Write out the listing below character for character, though without its pictures.

* [Collected material]:
▼

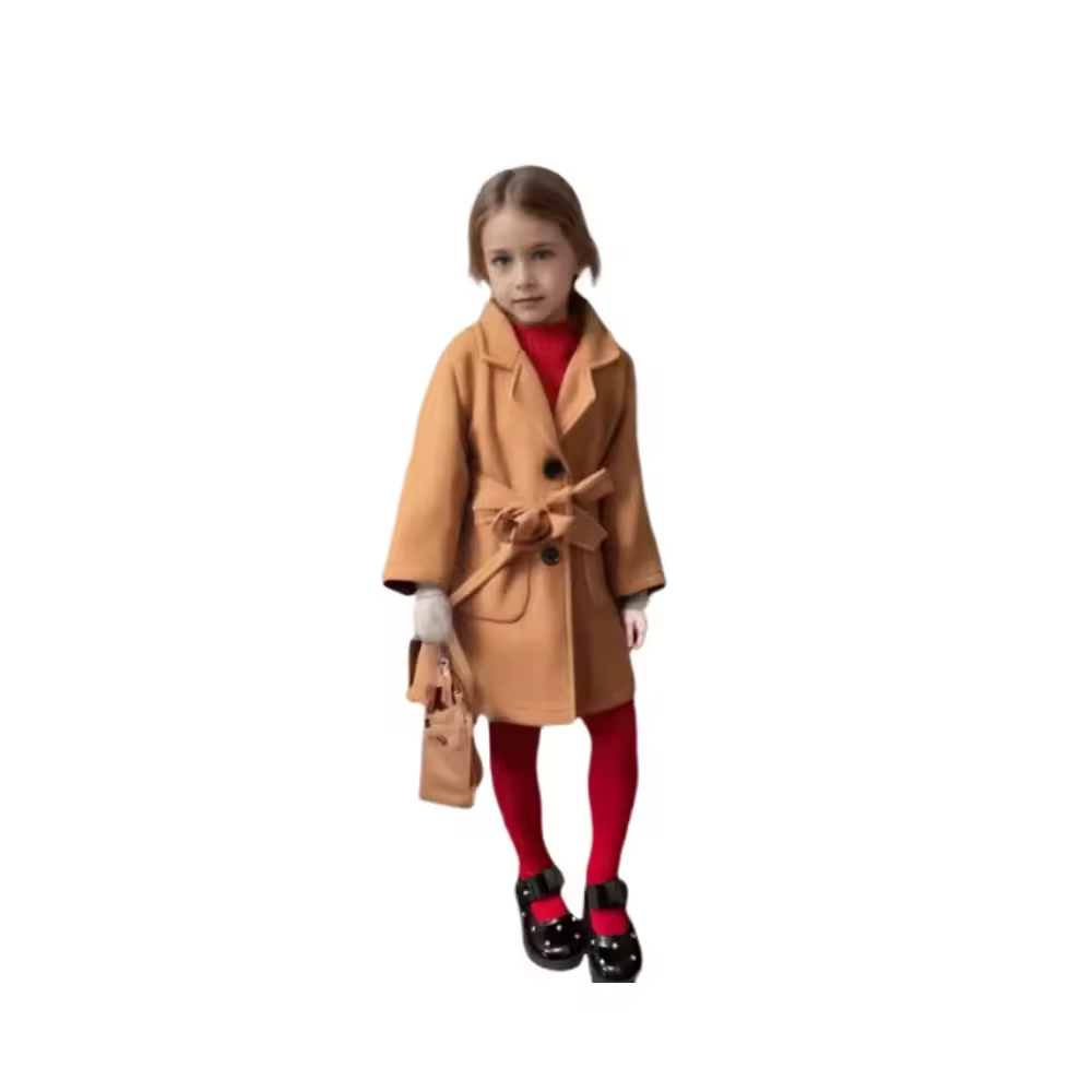 Girl's Clothing Long Coat Thick Soft Wool Coat With Belt Pocket Warm For Baby Girl's Jacket Factory Manufacturing
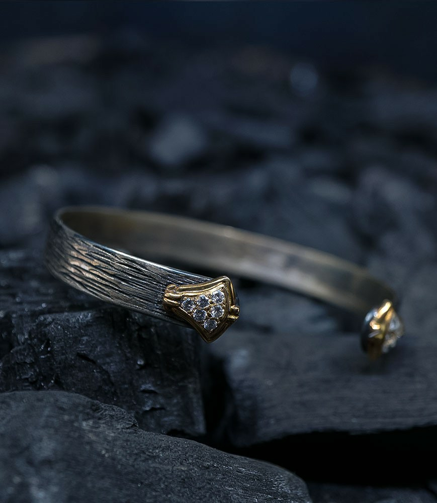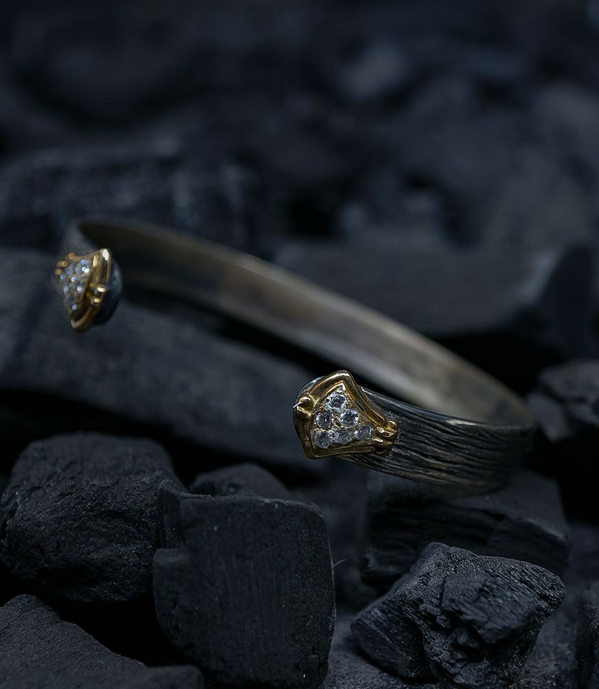 L'argent au titre légal 925/1000 subit un traitement brutal, rude, le résultat après polissage des bagues, bracelets, colliers, bruts, singuliers et harmonieux.
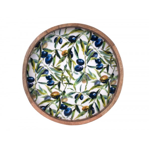 Plateau de service rond en bois de manguier et olives, diamètre 35 cm

▲

* [Exercise answer]:
 Girl's Clothing Long Coat Thick Soft Wool Coat With Belt Pocket Warm For Baby Girl's Jacket Factory Manufacturing
 L'argent au titre légal 925/1000 subit un traitement brutal, rude, le résultat après polissage des bagues, bracelets, colliers, bruts, singuliers et harmonieux.
 Plateau de service rond en bois de manguier et olives, diamètre 35 cm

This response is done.